The Zen Circus “Cari Fottutissimi Amici” (Capitol / Universal, 2022)

Tempo di bilanci

Per gli Zen Circus sembra arrivato il momento di tirare alcune somme e qual è il modo migliore per fare un bilancio se non con i tuoi amici più cari? Con gli amici di una vita, con quegli amici che potrebbero essere i tuoi fratelli minori e anche con gli amici che sono appena arrivati nel gruppo, perché è importante ascoltare anche le voci delle nuove generazioni.

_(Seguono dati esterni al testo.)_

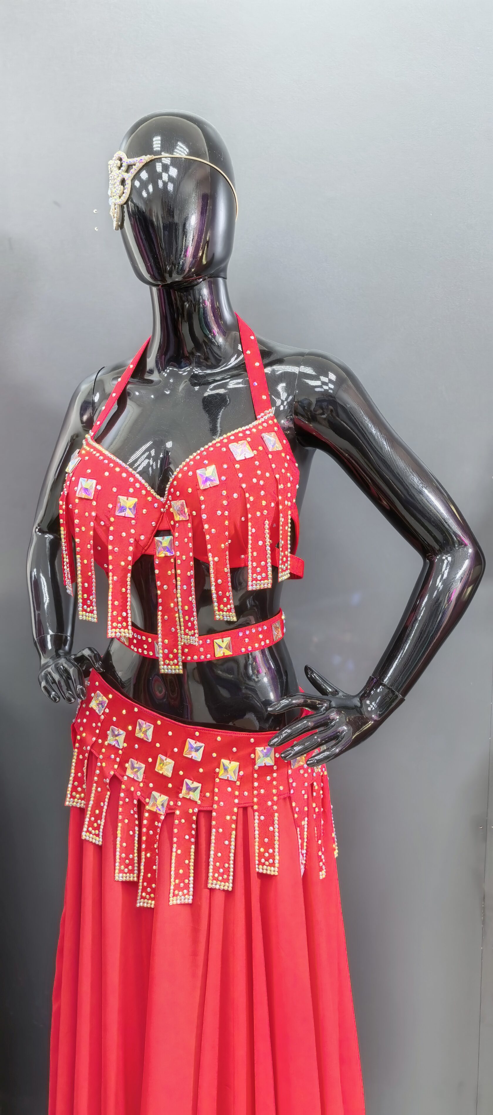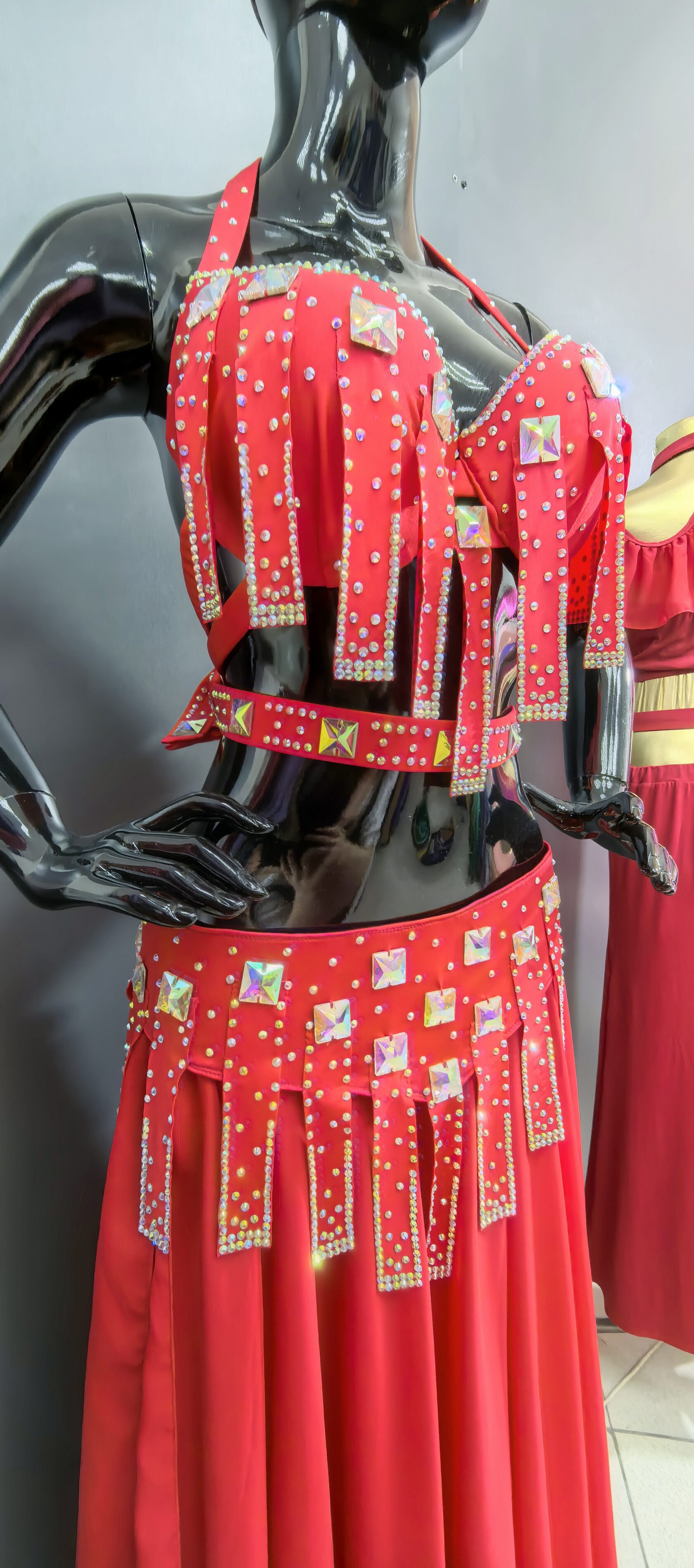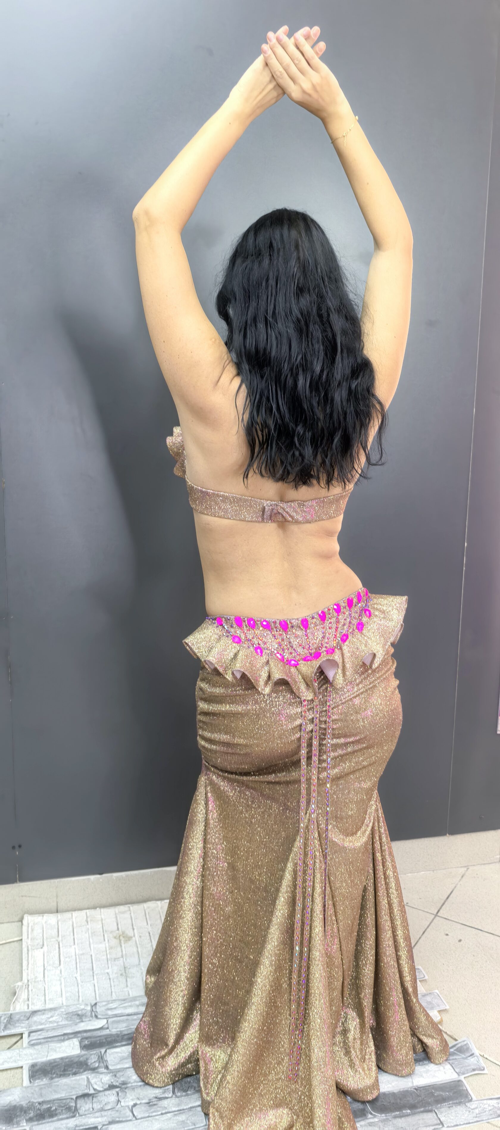 Почувствуйте себя настоящей звездой в нашем блестящем костюме. Яркий блеск пайеток притягивает взгляд, а изящная бахрома подчеркивает каждое ваше движение, добавляя динамики и грации. Перемычки на костюме обеспечивают шик и позволяют быть в тренде, что позволит вам выделиться из толпы. Восточные танцы — это не только искусство, но и мода, и наш костюм полностью соответствует последним тенденциям, сочетающим стиль и комфорт. Пошив на любую фигуру.

Cari Fottutissimi Amici – e già il titolo mostra quanta confidenza ci sia in questa cerchia – è un disco immerso tra passato e presente, tra ricordo e consapevolezza. Ci sono picchi di nostalgia che vengono subito ridimensionati da uno sguardo verso il futuro sia nel sound, come si rivela ad esempio nella lunga coda strumentale di Caro Fottutissimo Amico (feat. Motta), sia nella scelta degli amici con cui condividere il microfono: da Speranza a Ditonellapiaga passando per Emma Nolde, classe duemila. 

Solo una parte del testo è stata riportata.